The Uncertain Mediterranean Borders of Comparative Literature

Boldrini, Lucia. 2013. The Uncertain Mediterranean Borders of Comparative Literature. In: Adnan Karaismailoğlu and Yusuf Öz, eds. IV Uluslararasi Karşilaştirmali Edebiyat Bilimi Kongresi, "Kültürler ve Değerler Buluşması" / IV International Comparative Literature Congress, "Meeting of Cultures and Values", Bildiriler / Proceedings. Kırıkkale: Kırıkkale Universitesi Yayilari [Kırıkkale University Publications], pp. 441-454. ISBN 978-975-8626-04-5 [Book Section]

No full text available

Abstract or Description

For the French writer Paul Valéry, the Mediterranean was a kind of “pre-Europe”; it produced the European man, universal man, Protagoras’s man as the measure of all things; on its shores, peoples and cultures mixed, exchanging blows and trade. Writing from Algeria, Albert Camus saw the inhabitant of a Mediterranean city as having greater affinity with the inhabitants of any other place on the Mediterranean coast (such as Genoa, or Mallorca) than with a citizen of Alsace. The Bosnian-born Predrag Matvejević writes that the Mediterranean is at once a world to itself and the centre of the world. For the Turkish writer Halikarnas Balıkçısı it is itself a continent, separate from Africa, Asia, or Europe. It has been called by some a liquid continent, by others a lake of cultures; more a bridge than an obstacle or a boundary. For the Catalan Manuel Vázquez Montalbán – more of a pessimist, cynical satirist than any of the other writers mentioned so far – the Mediterranean has been a succession of barbarisms that have accumulated and mixed until they produced the hybrid Mediterranean man, who eats oil, olives and aubergines. Matvejević also points out that if the Mediterranean sea is a sponge full of knowledge, it is also full of shipwrecks. Indeed. From Odysseus’s lost ships and shipmates to Aeneas’ journey as a refugee from burning Troy (Dido too, of course, was a refugee), to the refugees and asylum seekers and “economic migrants” of the present, the Mediterranean is still crossed by people who seek to escape violence and destruction, who search for a better life. The fate of Azel in Leaving Tangier, by the Moroccan Tahar Ben Jelloun, or of Anpalagan Ganeshu in The Ghosts of Portopalo by the Sardinian Giovanni Maria Bellu – real and imagined characters who seek entrance to what has been called, with sinister echoes of the Wehrmacht’s Festung Europa, “Fortress Europe” – is a whole world away from that of Aeneas, chosen to found and Empire that would unify the Mediterranean and Europe.
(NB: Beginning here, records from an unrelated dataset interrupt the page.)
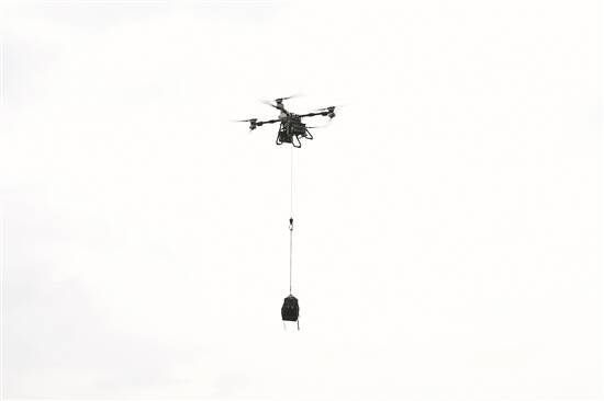 运载无人机进行空中吊运演示 |
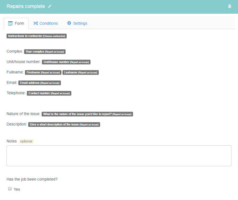 The trustees and the owner/tenant receive an email updating them on the status of the repair work. Details about the status of the job are pulled in from the previous form.
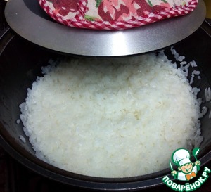 Рис промыть, залить водой, варить под крышкой на умеренном огне в течение 15 минут. При варке посолить, перемешать. Через 15 минут огонь убавить, томить под крышкой в течение 5 минут.
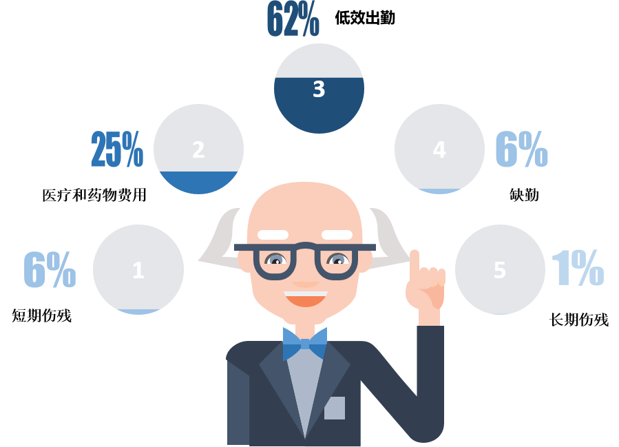 长期加班所带来身体上的伤害不容小觑,62%的加班人员表示低效出勤,38%人加班人员因长期加班而不得已就医。
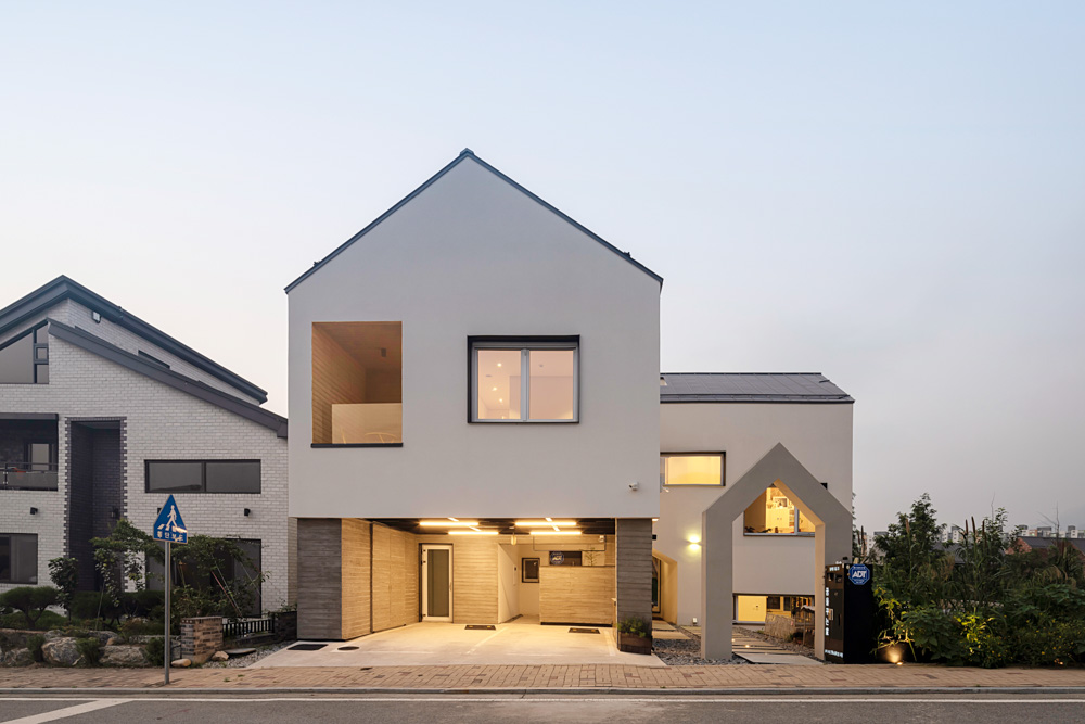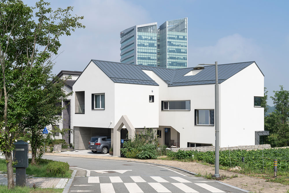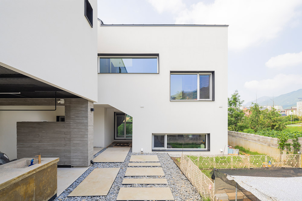 The site in the Innovation City in Wonju-si, Gangwon-do, where housing complexes are being built, has Mt. Chiak in the east and a park in the south and the north. The house is arranged in a ‘ㄱ’ shape, giving a sense of openness by considering the view of the surrounding landscape while securing privacy with the courtyard, yard, and shielding plants.
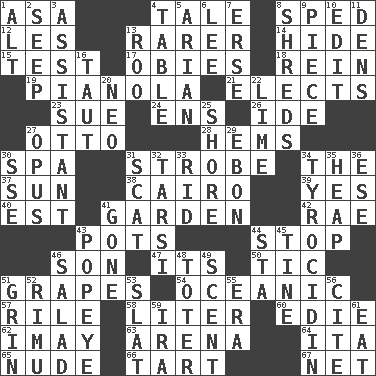 ACROSS 1. White ___ sheet 4. Lie 8. Broke a traffic law 12. French article 13. Less widely known 14. Flintstone garb 15. Trial 17. Off-Broadway awards 18. It's straight from the horse's mouth 19. Player piano 21. Opts 23. Take to court 24. Followers of ems 26. Binary compound 27. Von Bismarck 28. Cloth borders 30. Health resort 31. Disco prop 34. Definite Article 37. Player for Phoenix 38. Capital of Egypt 39. It is so 40. Eastern Standard Time (abbr.) 41. Place where plants grow 42. Actress Charlotte 43. Cooking vessels 44. Close up, plug up 46. Male child 47. It is 50. Nervous spasm 51. Wine fruits 54. Pertaining to the sea 57. Cause heat under the collar 58. 61 cubic inches 60. Singer Brickell 62. "If ____ say so..." 63. Sports stadium 64. Call ___ day 65. Naked 66. Small pie 67. Remaining after all deductions DOWN 1. The first octave above the treble staff 2. Ooze 3. Helper 4. Eating place 5. Believer in; advocate of (suffix) 6. Area sheltered from the wind 7. Celtic language 8. Fragments 9. Part 10. Prepare for publication 11. Cub Scout units 13. Friend of Pooh 16. Strained 20. Modern: prefix 22. Citrus frut 25. Dinah or Pauly 27. Musical composition 29. Inky black, to poets 30. Compass dir. 31. Go away! 32. Tarsus (plural) 33. To free from 34. Polypeptide antibiotic 35. Pile 36. Compass dir. 41. Went 43. Wimpy's pal 44. R.R. building 45. Prong on a fork 46. First course 48. Carrier 49. Aroma 51. Broad smile 52. Tall New Zealand timber tree 53. Narrow board 55. Epoch 56. Quote 59. Lyricist Gershwin 61. Consume

Matvejević says that, unlike in Europe, the centres of the Mediterranean are cities, not states or nations. Comparative Literature has often been criticized in recent years – it has even been declared dead, or compromised – for its Eurocentrism and its origins in European nationalism. In my paper I want to ask, what can a Mediterranean perspective offer to Comparative Literature today, and to a reassessment of its history?

Item Type:

Book Section

Departments, Centres and Research Units:

English and Comparative Literature
Research Office > REF2014

Dates:

DateEvent
2013Published

Item ID:

8032

Date Deposited:

03 May 2013 07:28

Last Modified:

23 Jun 2017 15:14

URI:

https://research.gold.ac.uk/id/eprint/8032

Edit Record Edit Record (login required)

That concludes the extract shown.